The idea is that buttons placed on the rear of the device are easier to access on a device of this size, compared to buttons placed on the side. It's difficult to suggest this design is better, since the feel of smartphone is purely subjective, but we think LG gets it right. (It's best to try it out for yourself before you buy, though.) You really can't drop the G2 if you're holding it with your index finger right over the rear buttons.

The volume buttons have another purpose: shortcut buttons. Holding the volume down button will launch the camera. Both volume buttons can then act as camera shutter buttons. Holding the volume up button will also launch LG's QuickMemo note-taking app, although we often accidentally launched this one, or butt-opened it.

One side complaint: why on earth did Verizon gut G2's buttons on its variant and make them smaller? And why is the G2's dual speakers replaced with a single one? It's ridiculous and completely unnecessary. That said, Verizon's G2 does have wireless charging, a feature the GSM models don't.

Finally, A Great Android Camera

With the exception of the Galaxy S4 and HTC One, the cameras on Android smartphones have all kind of sucked. If it's not general slowness, it's poor autofocus, or terrible low-light shooting. Thankfully, the G2's 13-megapixel rear camera is one of the better ones out there.

In our tests, we were able to darn good shots in low-light (especially night shots) from the f/2.4 lens and 9-point autofocus. Although there's bound to be some smart software assisting the camera, the key to the G2's great image quality can probably be attributed to the built-in optical image stabilization, which helps reduce a lot of the blur you often get from smartphone snapshots.

Interestingly enough, LG seems to have copied Samsung's whole two-camera-at-once gimmick, which lets you use both the front and rear camera at the same time. Lame.

HD video recording is also impressive on the G2 and easily bests our iPhone 5. We particularly liked the G2's "audio zoom" feature, which lets you tap on a point while video recording to hone in for better audio recording.

The Verdict

LG's recent smartphones have all been solid hardware contenders. The company's greatest weakness has always been figuring out the software half. (It also has an issue with allowing carriers to preload a boatload of un-installable apps.) And while LG's custom Android 4.2.2 efforts feel stuck in the skeumorphic past that Google and Apple are shedding, we can't fault the device when it comes to overall smoothness. Yes, some of the features such as the "knockon" gesture that lets you tap the screen twice to unlock it and the "Plug and Pop" which launches different apps when it detects headphones or a USB port are gimmicky, but the same can be said for Samsung's oddball "S" and "Smart" gestures.

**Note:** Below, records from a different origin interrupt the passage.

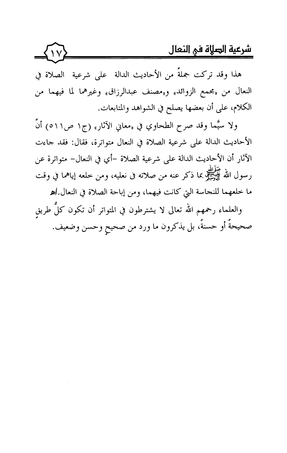 ولا سيّما وقد صرح الطحاوي في "معاني الآثار" (ج1 ص511) أنّ الأحاديث الدالة على شرعية الصلاة في النعال متواترة، فقال: فقد جاءت الآثار أن الأحاديث الدالة على شرعية الصلاة -أي في النعال- متواترة عن رسول الله صلى الله عليه وعلى آله وسلم بما ذكر عنه من صلاته فى نعليه، ومن خلعه إياهما في وقت ما خلعهما للنجاسة التي كانت فيهما، ومن إباحة الصلاة في النعال. اهـ
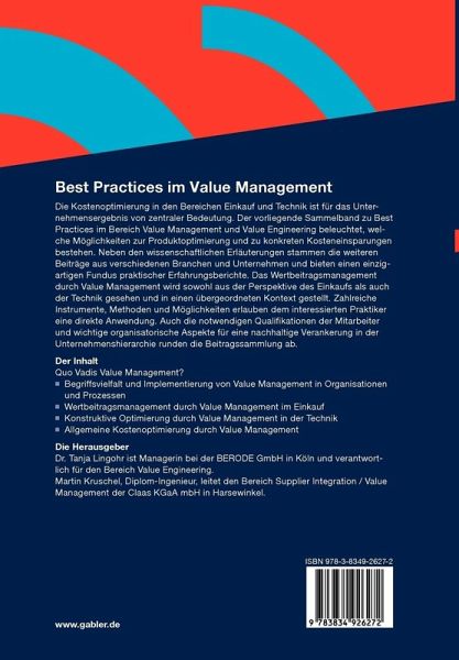 Die Kostenoptimierung in den Bereichen Einkauf und Technik ist für das Unternehmensergebnis von zentraler Bedeutung. Der vorliegende Sammelband zu Best Practices im Bereich Value Management und Value Engineering beleuchtet, welche Möglichkeiten zur Produktoptimierung und zu konkreten Kosteneinsparungen bestehen. Neben den wissenschaftlichen Erläuterungen stammen die weiteren Beiträge aus verschiedenen Branchen und Unternehmen und bieten einen einzigartigen Fundus praktischer Erfahrungsberichte. Das Wertbeitragsmanagement durch Value Management wird sowohl aus der Perspektive des Einkaufs als auch der Technik gesehen und in einen übergeordneten Kontext gestellt. Zahlreiche Instrumente, Methoden und Möglichkeiten erlauben dem interessierten Praktiker eine direkte Anwendung. Auch die notwendigen Qualifikationen der Mitarbeiter und wichtige organisatorische Aspekte für eine nachhaltige Verankerung in der Unternehmenshierarchie runden die Beitragssammlung ab.
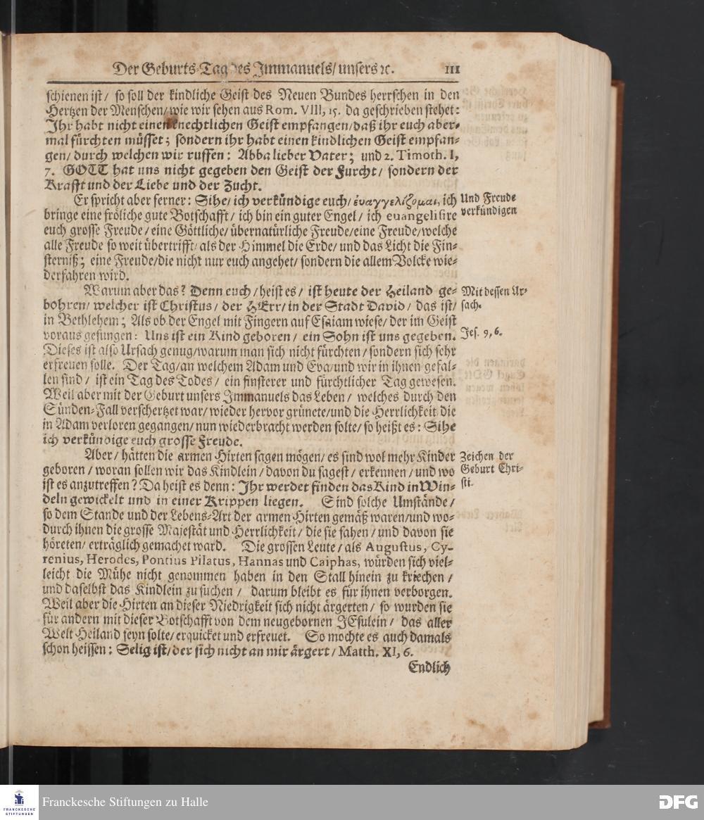August Hermann Franckens S.Theol.Prof.und Past. Sonn= Fest= und Apostel=Tags=-Predigten / Darinnen Die zum wahren Christenthum gehörige nöthigste und vornehmste Materien abgehandelt sind; Nunmehro von neuen wieder durchgesehen / und mit einigen Predigten vermehret / Nebst den darzu nützlichen Registern. Die vierte EDITION. HALLE / gedruckt und verlegt im Wäysen=Hause / MDCCXV. Mit Königl.Preuß.und Churfl.Brandenb.Privil.
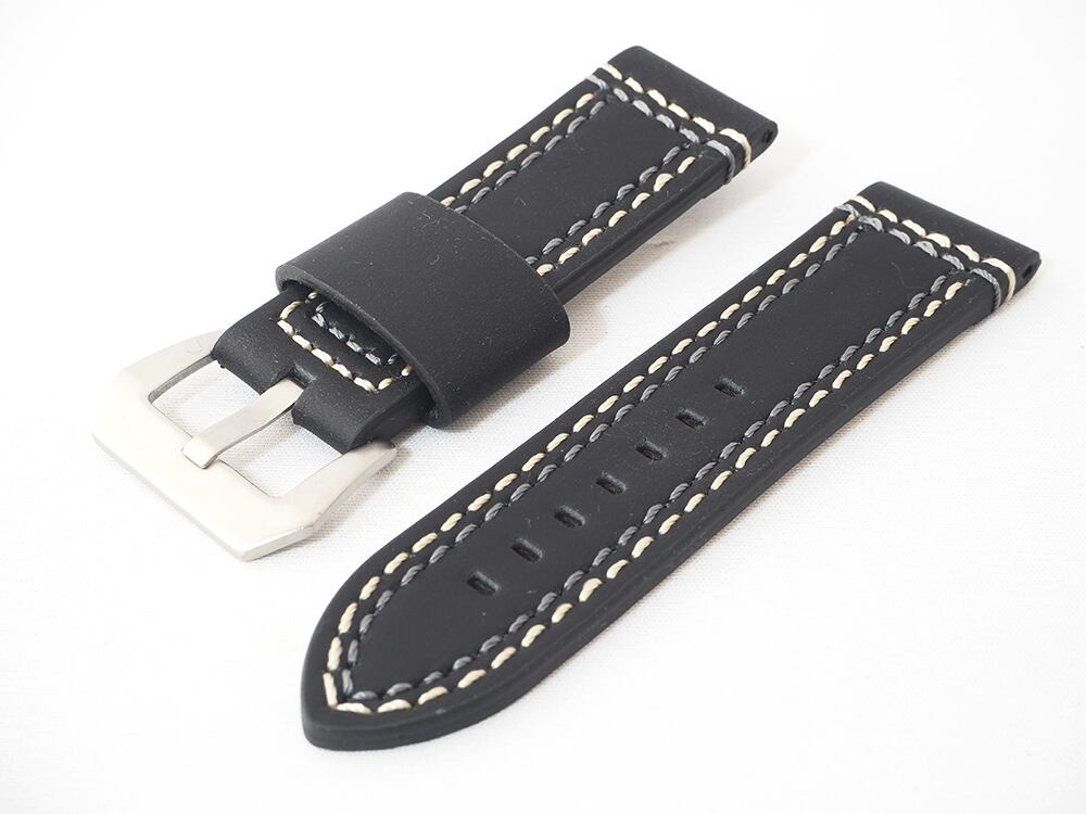 Banda(バンダ)社製時計ベルト Vintege Moda 牛革カーフ素材 ビンテージダブルステッチ時計バンド 24mm・26mm ブラック(黒) 尾錠シルバー ENZO-514-01
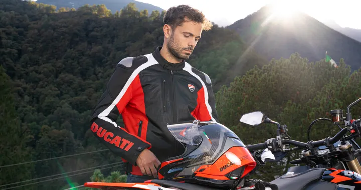 Per chi guida moto sportive, Ducati offre i caschi Logo Ducati Corse V8 Ducati. Il primo è chiaramente indirizzato all’utilizzo in pista, con un’aggressiva livrea racing firmata Drudi Performance. Il secondo, caratterizzato da linee pulite e una grafica minimalista, è perfetto per l’uso quotidiano. Tra le novità anche la giacca Ducati Corse tex C6, un capo tecnico disponibile sia in versione maschile sia femminile, un prodotto che nasce dal connubio tra un giubbotto sportivo e un capo touring. C'è poi il giubbotto Ducati Logo C1 , invece, realizzato con un misto di pelle bovina e tessuto softshell.
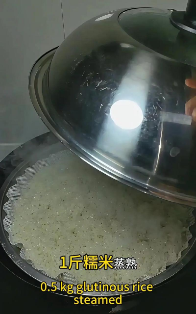 二、制作步骤# 1. 糯米预处理蒸煮: 将糯米洗净后浸泡2-3小时,然后蒸熟(约30分钟)。蒸后摊凉备用。 混合辅料

Whereas LG's previous Android smartphones became noticeably slower over time, the G2 remained a powerhouse day-in and day-out, no doubt thanks to its rather impressive internal specs.

To make a long review short, the G2 is quite a beauty of a smartphone. It's front is almost all display and we like the bold initiative LG is attempting with the rear buttons placement. Even better, if the rumors are true, and the Nexus 5 is based off the G2, we could be in for a real treat (with a nice stock version of Android 4.4 KitKat).